WHAT YOU HAVE TO DO: Make an exact copy of the records below, excluding images.

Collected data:

___

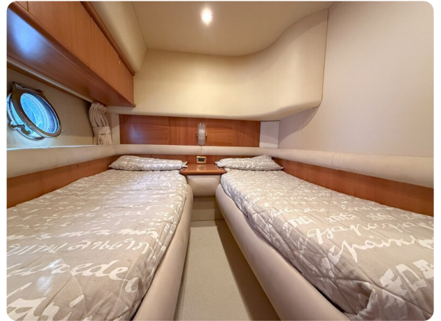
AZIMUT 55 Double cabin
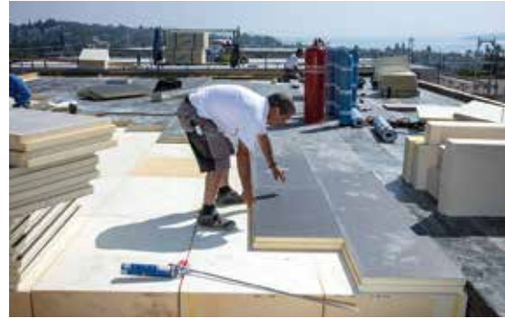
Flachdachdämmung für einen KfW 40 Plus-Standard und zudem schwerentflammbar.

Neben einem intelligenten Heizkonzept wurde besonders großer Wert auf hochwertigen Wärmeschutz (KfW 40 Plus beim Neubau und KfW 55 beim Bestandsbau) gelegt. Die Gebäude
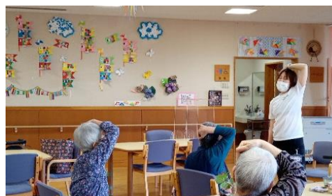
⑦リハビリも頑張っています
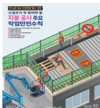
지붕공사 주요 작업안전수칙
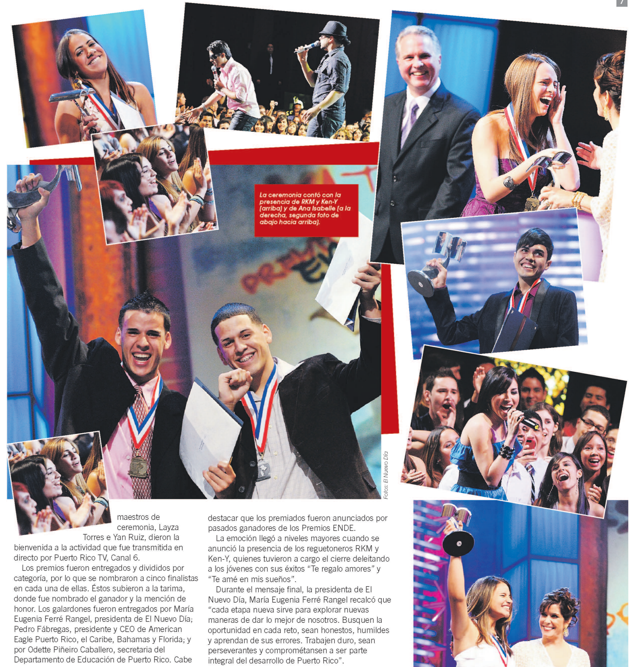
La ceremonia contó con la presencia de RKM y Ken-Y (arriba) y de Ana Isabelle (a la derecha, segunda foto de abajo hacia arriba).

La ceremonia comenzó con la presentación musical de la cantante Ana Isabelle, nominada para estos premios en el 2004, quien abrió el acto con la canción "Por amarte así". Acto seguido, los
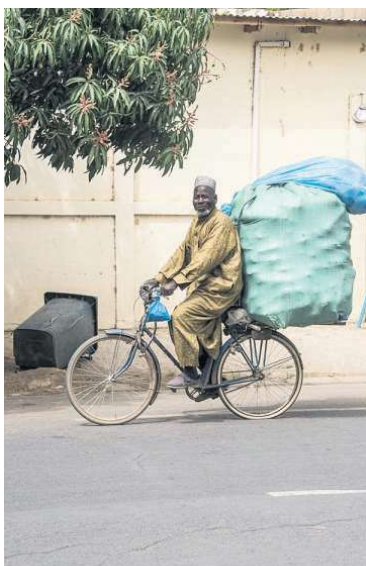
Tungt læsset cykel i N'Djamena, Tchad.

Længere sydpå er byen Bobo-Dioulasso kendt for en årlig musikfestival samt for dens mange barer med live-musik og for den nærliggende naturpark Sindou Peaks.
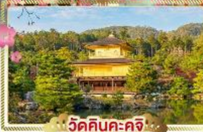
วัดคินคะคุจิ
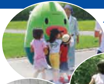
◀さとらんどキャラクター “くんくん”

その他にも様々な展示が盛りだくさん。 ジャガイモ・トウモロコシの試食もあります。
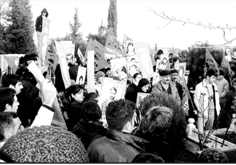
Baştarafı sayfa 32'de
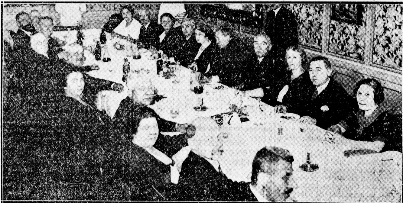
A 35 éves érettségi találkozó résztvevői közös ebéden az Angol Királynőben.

___

OUTPUT OF THE TASK:
AZIMUT 55 Double cabin
Flachdachdämmung für einen KfW 40 Plus-Standard und zudem schwerentflammbar.

Neben einem intelligenten Heizkonzept wurde besonders großer Wert auf hochwertigen Wärmeschutz (KfW 40 Plus beim Neubau und KfW 55 beim Bestandsbau) gelegt. Die Gebäude
⑦リハビリも頑張っています
지붕공사 주요 작업안전수칙
La ceremonia contó con la presencia de RKM y Ken-Y (arriba) y de Ana Isabelle (a la derecha, segunda foto de abajo hacia arriba).

La ceremonia comenzó con la presentación musical de la cantante Ana Isabelle, nominada para estos premios en el 2004, quien abrió el acto con la canción "Por amarte así". Acto seguido, los
Tungt læsset cykel i N'Djamena, Tchad.

Længere sydpå er byen Bobo-Dioulasso kendt for en årlig musikfestival samt for dens mange barer med live-musik og for den nærliggende naturpark Sindou Peaks.
วัดคินคะคุจิ
◀さとらんどキャラクター “くんくん”

その他にも様々な展示が盛りだくさん。 ジャガイモ・トウモロコシの試食もあります。
Baştarafı sayfa 32'de
A 35 éves érettségi találkozó résztvevői közös ebéden az Angol Királynőben.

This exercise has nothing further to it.